The target of myofunctional orthodontics is the poor muscle patterns that contribute to poor jaw development and crooked teeth.
- Open mouth breathing
- Tongue ties
- Oral habits including dummy, thumb and finger sucking
- Tongue thrusts and reverse swallowing
- Management of obstructed airways and tongue ties
- Myofunctional therapy
- Myofunctional appliances – including Myo Munchee or Healthy Start Habit Correctors
- Management of allergies and nasal congestion
- Breathing re-training or use of breathing apps
I most often combine these approaches with more mechanical palate expansion devices for quick structural improvements to restore tongue space and improve nasal breathing.
This is one case that I did not use a palate expander, and the results were a result of myofunctional (muscle re-patterning) approaches alone.
The photos are taken 20 months apart.
This patient initially presented at age 8 years. Mum’s main concerns with mouth breathing and worsening overbite.

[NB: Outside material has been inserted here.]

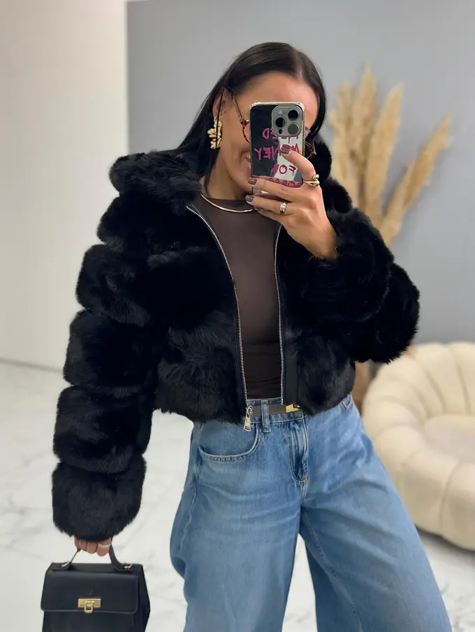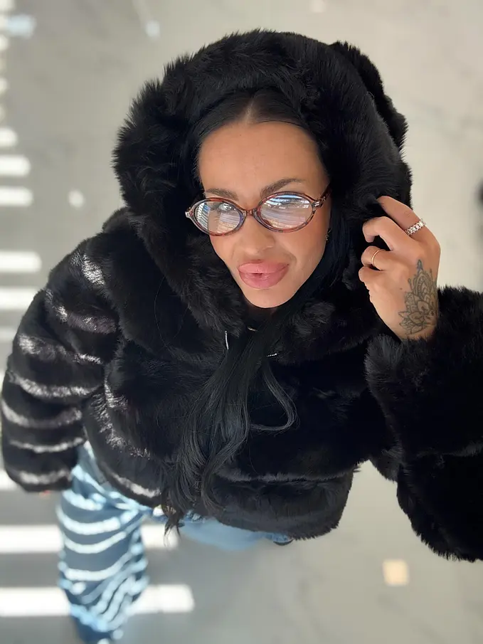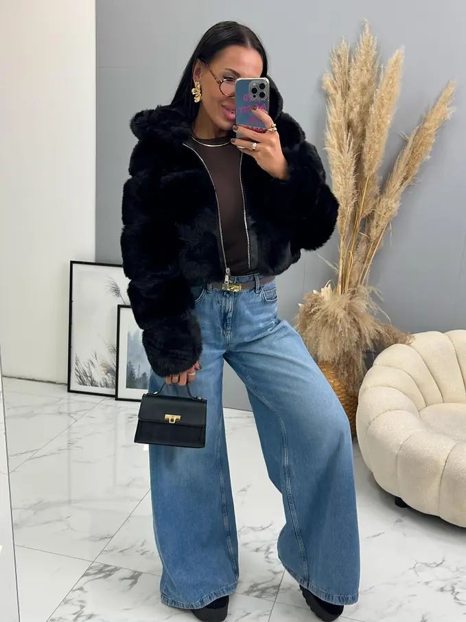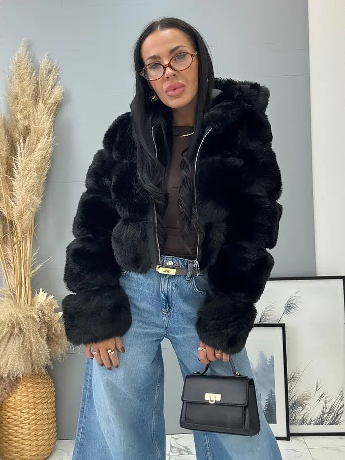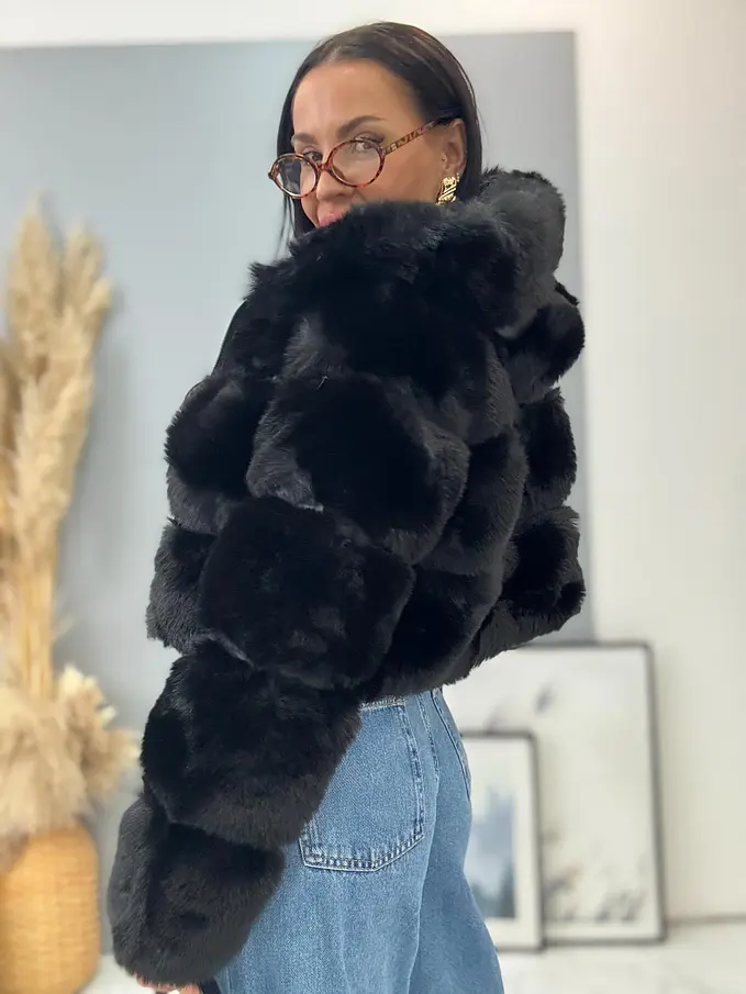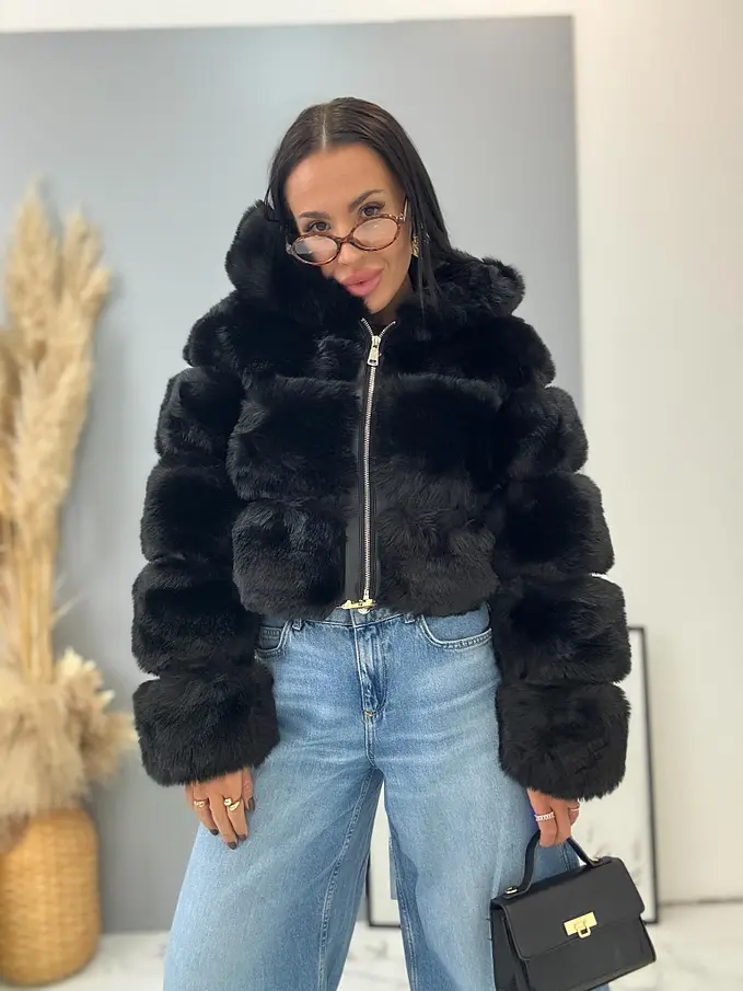 Koženková kožušinová bunda s kapucňou GIANNA+

The goals were to improve lip seal, promote nasal breathing and improve tongue to palate seal at rest.
Treatment included myofunctional therapy and adjuncts including Myo Munchee, tongue tie release, and a Healthy Start Habit Corrector.

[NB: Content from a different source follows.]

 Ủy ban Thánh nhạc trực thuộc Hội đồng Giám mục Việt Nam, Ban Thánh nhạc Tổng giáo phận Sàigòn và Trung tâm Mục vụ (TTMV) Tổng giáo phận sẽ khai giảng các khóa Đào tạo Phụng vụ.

His lips seal together more naturally, his deep bite has opened, and his front teeth top and bottom teeth are meeting together in a more normal way.

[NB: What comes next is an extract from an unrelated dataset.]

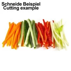 - Zum Schneiden von Pommes (8x8mm, 10x10mm, 14x14mm oder 14x17mm) sowie Chips 2mm durch Verwendung verschiedener Messermodelle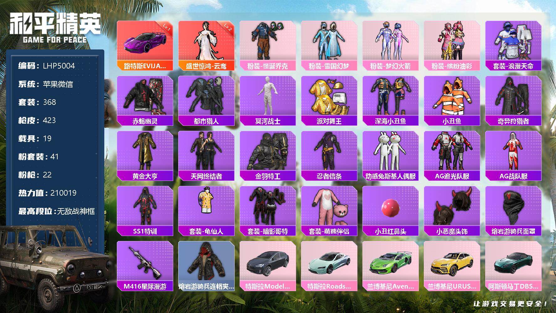 - PX_2111303-??莎 都市 假螳螂 双马尾 哥特 M416-至情至圣】苹果Q-YXc12722【可二次】【因赛季更新游戏段付以上号为准!】 4王牌印记 历史超级王牌11星 86套装 132枪皮 【1载具】 玛莎拉蒂Q蓝色 【3稀有】 AKM-百万伏特 都市猎人 浪漫天命 【4粉装】 宝贝奶油派 天使彩虹糖 仲夏莫吉托 冰霜白皇 【3特效枪】 Kar98K-巳巳如意 (5级) SCAR-L-

Breaking old muscle habits and creating new ones is not always a quick fix. But these natural results will ultimately be more stable than purely mechanical approaches with expanders and braces, and they also promote healthier breathing and sleep.
Even when I do use palate expanders for quicker structural changes, myofunctional approaches are a very important part of treatment to wean children off reliance on retainers and promote long term stability.